#### [Data segment]
────────────────

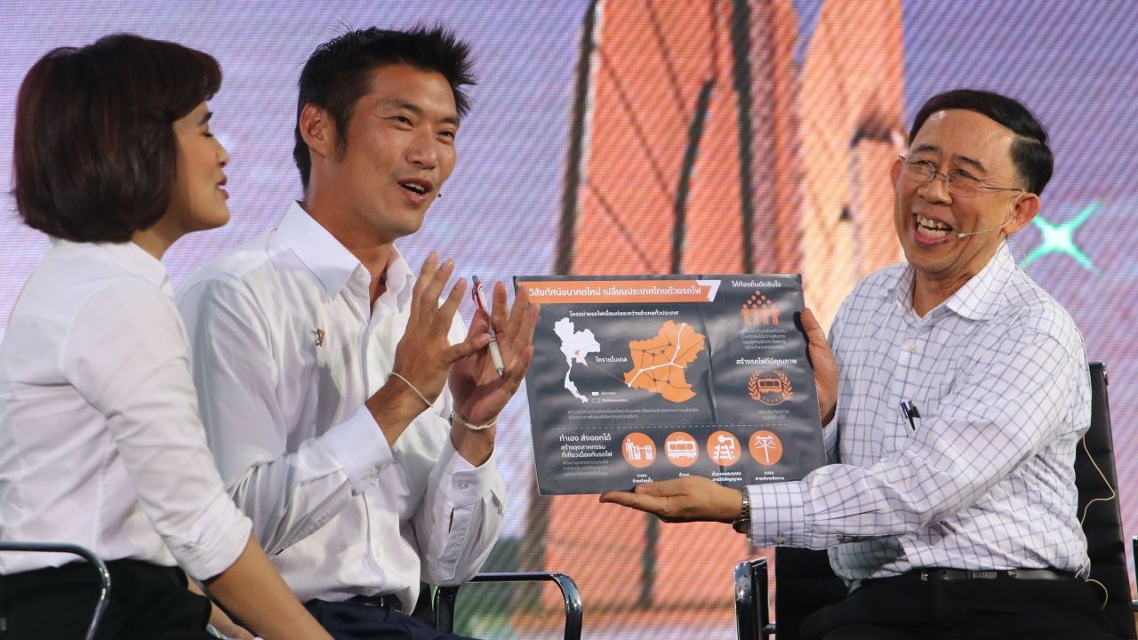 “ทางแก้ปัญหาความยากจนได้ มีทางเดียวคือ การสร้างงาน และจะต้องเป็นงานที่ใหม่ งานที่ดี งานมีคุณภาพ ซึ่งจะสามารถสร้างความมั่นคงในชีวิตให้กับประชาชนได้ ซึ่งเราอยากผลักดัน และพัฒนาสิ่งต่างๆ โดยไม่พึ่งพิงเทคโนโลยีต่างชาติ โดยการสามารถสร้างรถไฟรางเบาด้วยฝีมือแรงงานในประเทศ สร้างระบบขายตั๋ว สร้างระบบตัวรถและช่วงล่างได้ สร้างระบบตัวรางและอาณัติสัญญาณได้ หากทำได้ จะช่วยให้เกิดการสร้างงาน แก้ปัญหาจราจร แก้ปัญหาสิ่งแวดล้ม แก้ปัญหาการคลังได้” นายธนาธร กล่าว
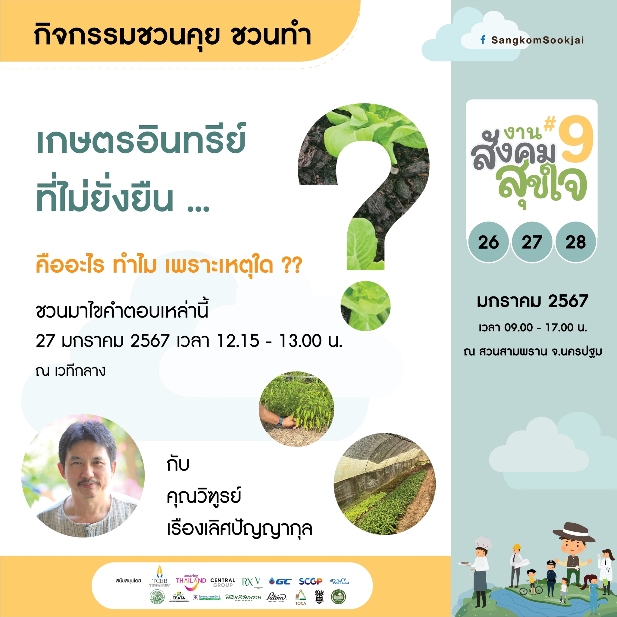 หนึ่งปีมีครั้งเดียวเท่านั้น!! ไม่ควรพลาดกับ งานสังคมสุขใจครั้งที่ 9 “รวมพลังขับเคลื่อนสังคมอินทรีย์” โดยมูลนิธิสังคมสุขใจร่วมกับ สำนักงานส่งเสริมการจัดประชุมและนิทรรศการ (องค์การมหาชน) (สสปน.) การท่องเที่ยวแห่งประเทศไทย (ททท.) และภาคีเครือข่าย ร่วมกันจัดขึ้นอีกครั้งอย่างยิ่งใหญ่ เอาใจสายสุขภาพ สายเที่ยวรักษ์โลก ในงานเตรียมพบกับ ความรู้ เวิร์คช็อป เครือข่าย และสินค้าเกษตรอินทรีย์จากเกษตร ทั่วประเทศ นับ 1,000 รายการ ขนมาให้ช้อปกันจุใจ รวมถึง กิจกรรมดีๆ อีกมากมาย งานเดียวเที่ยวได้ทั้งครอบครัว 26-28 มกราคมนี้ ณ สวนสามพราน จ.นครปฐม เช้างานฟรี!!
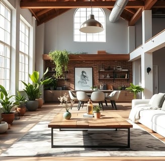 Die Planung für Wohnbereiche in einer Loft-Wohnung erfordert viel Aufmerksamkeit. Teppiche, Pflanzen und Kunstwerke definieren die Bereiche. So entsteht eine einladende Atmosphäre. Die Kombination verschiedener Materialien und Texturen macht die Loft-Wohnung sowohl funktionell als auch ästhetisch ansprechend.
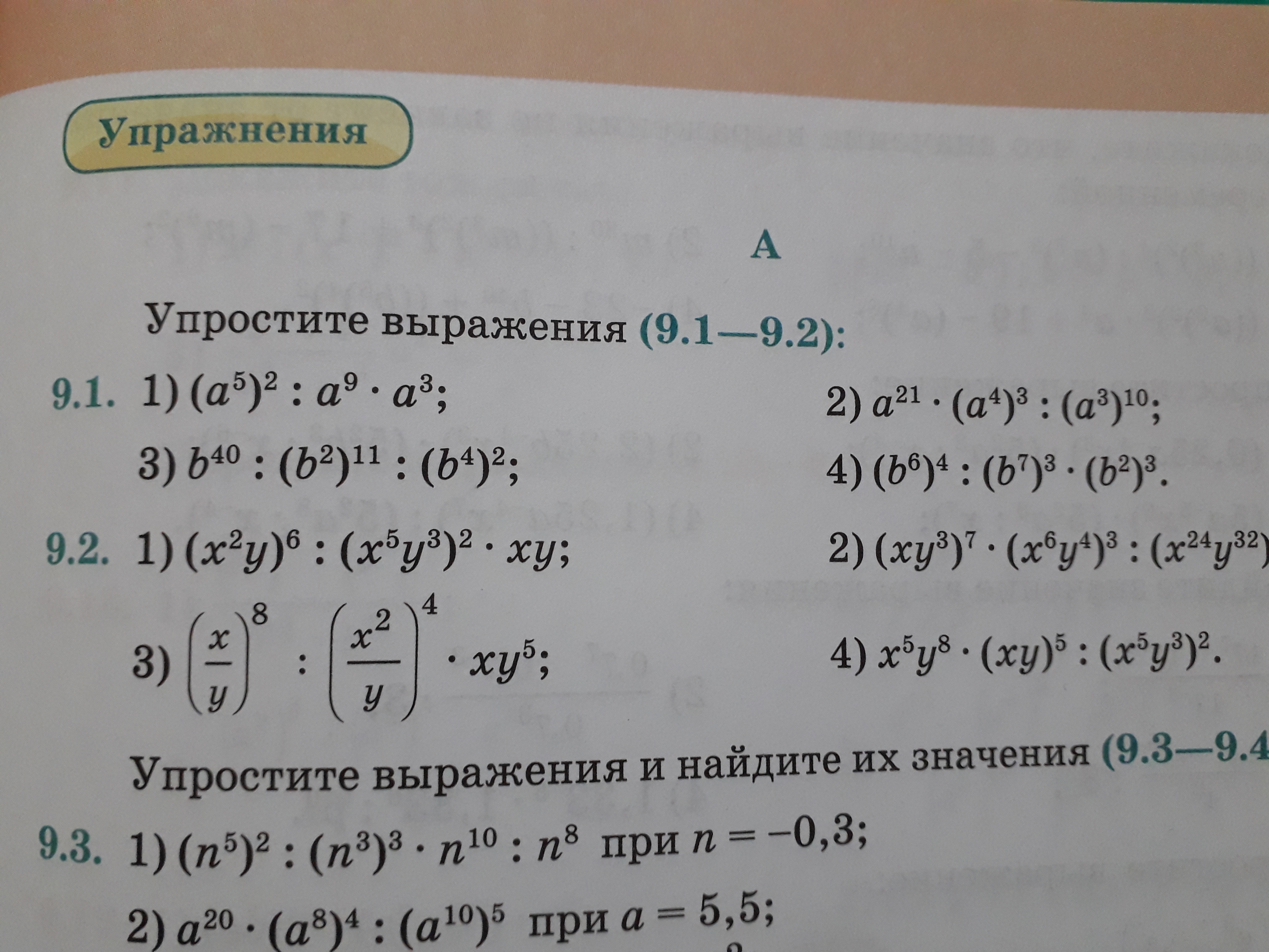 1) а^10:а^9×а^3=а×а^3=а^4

────────────────

#### [Your assignment]
Would you please write out exactly the lines between the line containing "Die Planung für" and the last line of the listing above, inclusive, without pictures?

#### [Result of this task]
 Die Planung für Wohnbereiche in einer Loft-Wohnung erfordert viel Aufmerksamkeit. Teppiche, Pflanzen und Kunstwerke definieren die Bereiche. So entsteht eine einladende Atmosphäre. Die Kombination verschiedener Materialien und Texturen macht die Loft-Wohnung sowohl funktionell als auch ästhetisch ansprechend.
 1) а^10:а^9×а^3=а×а^3=а^4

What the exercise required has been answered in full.